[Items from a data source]
╭──

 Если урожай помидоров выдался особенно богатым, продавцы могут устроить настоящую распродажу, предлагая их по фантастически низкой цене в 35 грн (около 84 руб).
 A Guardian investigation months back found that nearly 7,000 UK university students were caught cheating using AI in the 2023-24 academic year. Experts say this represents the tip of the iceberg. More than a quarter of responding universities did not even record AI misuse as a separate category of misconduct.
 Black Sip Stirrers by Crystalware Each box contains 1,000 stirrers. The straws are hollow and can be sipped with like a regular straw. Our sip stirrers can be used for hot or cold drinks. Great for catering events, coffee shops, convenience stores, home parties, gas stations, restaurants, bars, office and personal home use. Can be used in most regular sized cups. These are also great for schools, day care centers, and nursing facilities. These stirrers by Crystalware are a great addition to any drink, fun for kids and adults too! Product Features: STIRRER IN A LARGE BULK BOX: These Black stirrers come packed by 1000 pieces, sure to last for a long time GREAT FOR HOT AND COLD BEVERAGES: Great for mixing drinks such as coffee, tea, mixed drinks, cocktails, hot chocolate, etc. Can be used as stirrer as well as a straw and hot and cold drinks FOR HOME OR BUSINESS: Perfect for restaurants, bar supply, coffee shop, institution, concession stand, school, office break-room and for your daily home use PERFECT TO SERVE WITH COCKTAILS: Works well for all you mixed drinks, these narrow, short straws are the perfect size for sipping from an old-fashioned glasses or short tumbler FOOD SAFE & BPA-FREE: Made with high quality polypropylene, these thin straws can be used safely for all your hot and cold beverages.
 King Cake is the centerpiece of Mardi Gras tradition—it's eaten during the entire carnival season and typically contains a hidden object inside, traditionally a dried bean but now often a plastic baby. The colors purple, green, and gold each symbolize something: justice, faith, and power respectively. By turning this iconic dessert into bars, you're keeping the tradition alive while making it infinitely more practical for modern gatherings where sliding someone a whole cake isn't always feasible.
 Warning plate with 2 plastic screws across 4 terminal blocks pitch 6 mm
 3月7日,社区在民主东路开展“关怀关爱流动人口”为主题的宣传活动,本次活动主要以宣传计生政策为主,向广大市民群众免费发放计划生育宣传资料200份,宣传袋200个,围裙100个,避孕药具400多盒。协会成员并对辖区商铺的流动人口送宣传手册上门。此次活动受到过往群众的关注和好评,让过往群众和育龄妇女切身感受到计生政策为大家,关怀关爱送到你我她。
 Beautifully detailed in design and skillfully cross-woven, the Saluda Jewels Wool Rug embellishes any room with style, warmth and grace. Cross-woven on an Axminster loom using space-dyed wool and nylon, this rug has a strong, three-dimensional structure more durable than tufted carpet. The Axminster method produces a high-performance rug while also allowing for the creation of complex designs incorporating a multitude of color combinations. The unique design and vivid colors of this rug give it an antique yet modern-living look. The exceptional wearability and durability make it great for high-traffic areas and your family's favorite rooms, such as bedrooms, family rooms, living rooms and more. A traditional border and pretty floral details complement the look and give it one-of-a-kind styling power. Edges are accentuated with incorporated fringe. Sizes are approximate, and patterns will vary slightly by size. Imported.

╰──

:: Problem ::
Your answer must be the full set of entries, copied exactly.

:: Written answer ::
 Если урожай помидоров выдался особенно богатым, продавцы могут устроить настоящую распродажу, предлагая их по фантастически низкой цене в 35 грн (около 84 руб).
 A Guardian investigation months back found that nearly 7,000 UK university students were caught cheating using AI in the 2023-24 academic year. Experts say this represents the tip of the iceberg. More than a quarter of responding universities did not even record AI misuse as a separate category of misconduct.
 Black Sip Stirrers by Crystalware Each box contains 1,000 stirrers. The straws are hollow and can be sipped with like a regular straw. Our sip stirrers can be used for hot or cold drinks. Great for catering events, coffee shops, convenience stores, home parties, gas stations, restaurants, bars, office and personal home use. Can be used in most regular sized cups. These are also great for schools, day care centers, and nursing facilities. These stirrers by Crystalware are a great addition to any drink, fun for kids and adults too! Product Features: STIRRER IN A LARGE BULK BOX: These Black stirrers come packed by 1000 pieces, sure to last for a long time GREAT FOR HOT AND COLD BEVERAGES: Great for mixing drinks such as coffee, tea, mixed drinks, cocktails, hot chocolate, etc. Can be used as stirrer as well as a straw and hot and cold drinks FOR HOME OR BUSINESS: Perfect for restaurants, bar supply, coffee shop, institution, concession stand, school, office break-room and for your daily home use PERFECT TO SERVE WITH COCKTAILS: Works well for all you mixed drinks, these narrow, short straws are the perfect size for sipping from an old-fashioned glasses or short tumbler FOOD SAFE & BPA-FREE: Made with high quality polypropylene, these thin straws can be used safely for all your hot and cold beverages.
 King Cake is the centerpiece of Mardi Gras tradition—it's eaten during the entire carnival season and typically contains a hidden object inside, traditionally a dried bean but now often a plastic baby. The colors purple, green, and gold each symbolize something: justice, faith, and power respectively. By turning this iconic dessert into bars, you're keeping the tradition alive while making it infinitely more practical for modern gatherings where sliding someone a whole cake isn't always feasible.
 Warning plate with 2 plastic screws across 4 terminal blocks pitch 6 mm
 3月7日,社区在民主东路开展“关怀关爱流动人口”为主题的宣传活动,本次活动主要以宣传计生政策为主,向广大市民群众免费发放计划生育宣传资料200份,宣传袋200个,围裙100个,避孕药具400多盒。协会成员并对辖区商铺的流动人口送宣传手册上门。此次活动受到过往群众的关注和好评,让过往群众和育龄妇女切身感受到计生政策为大家,关怀关爱送到你我她。
 Beautifully detailed in design and skillfully cross-woven, the Saluda Jewels Wool Rug embellishes any room with style, warmth and grace. Cross-woven on an Axminster loom using space-dyed wool and nylon, this rug has a strong, three-dimensional structure more durable than tufted carpet. The Axminster method produces a high-performance rug while also allowing for the creation of complex designs incorporating a multitude of color combinations. The unique design and vivid colors of this rug give it an antique yet modern-living look. The exceptional wearability and durability make it great for high-traffic areas and your family's favorite rooms, such as bedrooms, family rooms, living rooms and more. A traditional border and pretty floral details complement the look and give it one-of-a-kind styling power. Edges are accentuated with incorporated fringe. Sizes are approximate, and patterns will vary slightly by size. Imported.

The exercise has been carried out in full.